The man on his right said something close to his ear, nodded towards Chloe and laughed. The new man’s smile faltered. Smirks all around.
Chloe pushed back from the desk to heave herself to standing. Her pregnant belly preceded her, forcing a waddle. She resisted the urge to fulfil the stereotypical pose of hand-on-back, and kept her arms swinging by her sides.
The others drifted away as she approached. The new man tried smiling again, though more cautiously now. ‘DI Frohmann?’ he asked, as if the room were full of women detectives launching towards eventual maternity leave, as if his new partner could have been one of any number of them.
Chloe nodded and shook his hand. ‘DS Spencer?’ she confirmed. He was taller than Morris, just a bit, and leaner. He looked nervous, which she couldn’t imagine Morris ever having looked, not in such a puppy-like way, even on his first day.
It wasn’t nerves on his face when he left
, she recalled of their last case together.
It was
– she had to think carefully, grope for just the right word.
Grief
, she realised.
Mourning for his old self.
A bark of laughter from the other side of the room hit her in the back. She would have told herself it wasn’t necessarily aimed at her, but Spencer, who could see over her shoulder, looked embarrassed.
She leant close, flicked her glance towards their
colleagues round the coffee machine, and said, ‘Aren’t they a bunch of arseholes?’
Spencer hesitated, then his smile cracked wide open. ‘Fucking arseholes,’ he agreed.
Chloe nodded. ‘Let’s get to work.’
The shower water hits Morris Keene like needles. Every muscle aches; every reach and stretch is compromised. His new stab at exercise is supposed to make him stronger but he feels humbled, simultaneously childish and old. The months he’s spent sulking since leaving the job have only exaggerated his reasons for leaving in the first place: his body, his confidence, and any courage there once was, are all weaker now than then.
He turns the knob to raise the temperature. Gwen wanted to change it to a handle for him; she wanted to change everything around the house, like years ago when their daughter Dora had been learning to crawl and they’d put locks on all the cabinets and drawers, and tucked pads around sharp corners. Gwen put on a hurt look at his absolute refusal, but this challenge was his adjustment to make. If he can’t, he reasons, then he deserves to do without.

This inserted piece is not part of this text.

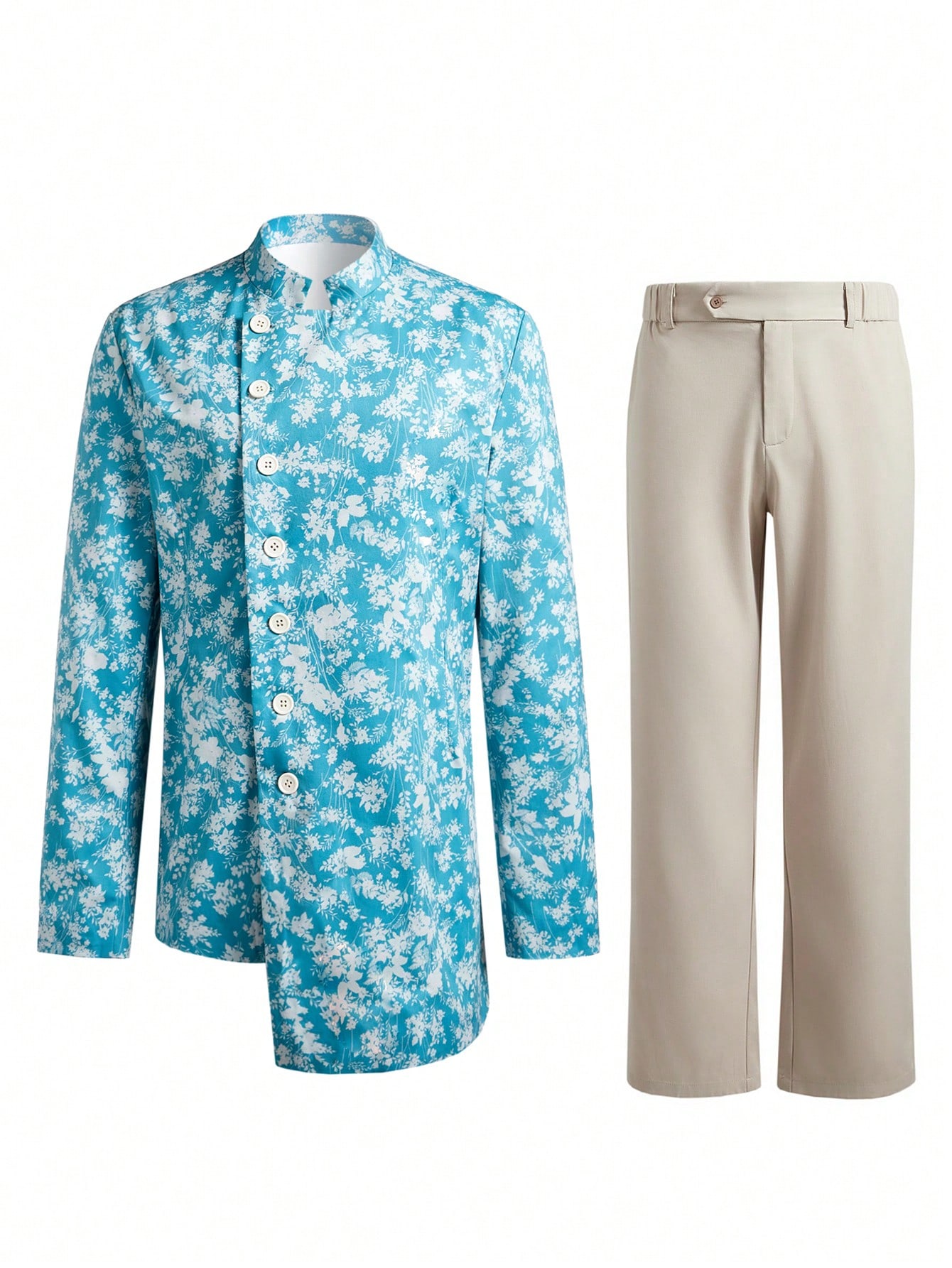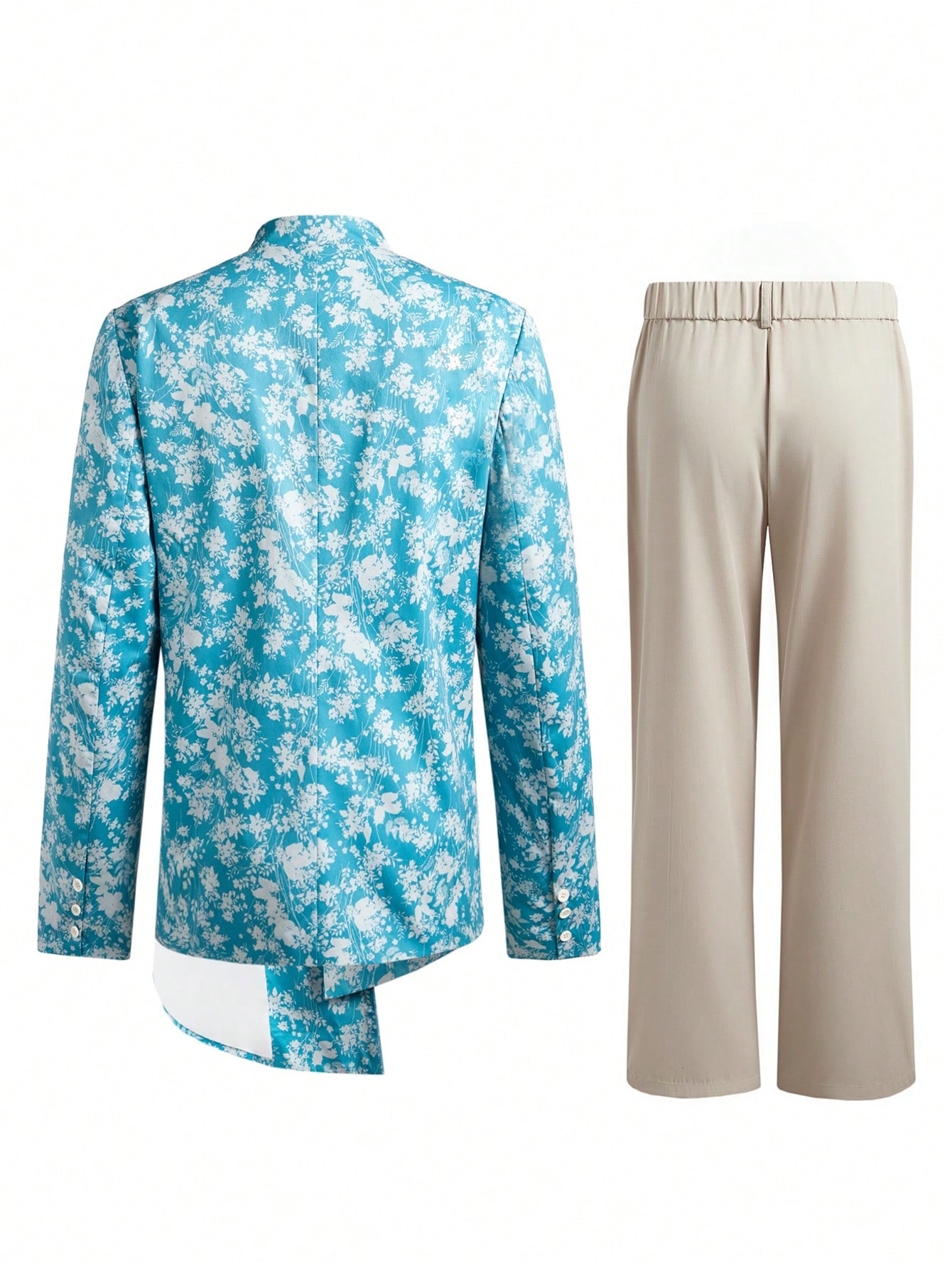 成为第一个“Manfinity KASUA Men??s Full Floral Print Asymmetrical Hem Single-Breasted Suit Jacket And Straight Leg Pants Set” 的评价者

He manages. His left hand is fully functional, if clumsy in the normal way that non-dominant hands are, and his right hand isn’t as useless as it had seemed at first. The severed tendons prevent his fingers from curling in any
sort of grip, but his thumb still works. Sometimes, as with this shower knob, pressing his palm and hooking his thumb are enough. Despite his adaptations, everyone still focuses on the hand, to be polite, as if difficulties with driving and writing were enough to take him off a job that’s ninety percent thinking. It wasn’t the hand that took him down, he knows. It was the panic attacks, hesitation and cowardice. Those aren’t things you can proof a house against.
He turns off the water. He grabs a towel off the rail. Both of these actions are now effortless gestures. He’s had to insist that Gwen stop praising his little victories, otherwise she coos as if he should be proud that he can wash himself, that he can dress himself. He pulls clothes out of drawers and off hangers.
He allows accommodations in some areas. He doesn’t wear shirts with buttoned cuffs any more. He wears shoes without laces.
It’s not as if I have a job any more to dress properly for,
he thinks as he sits to pull socks on and to push his feet into loafers.
This is his side of the bed now; he and Gwen had switched so that his left hand is on top and free when they face one another.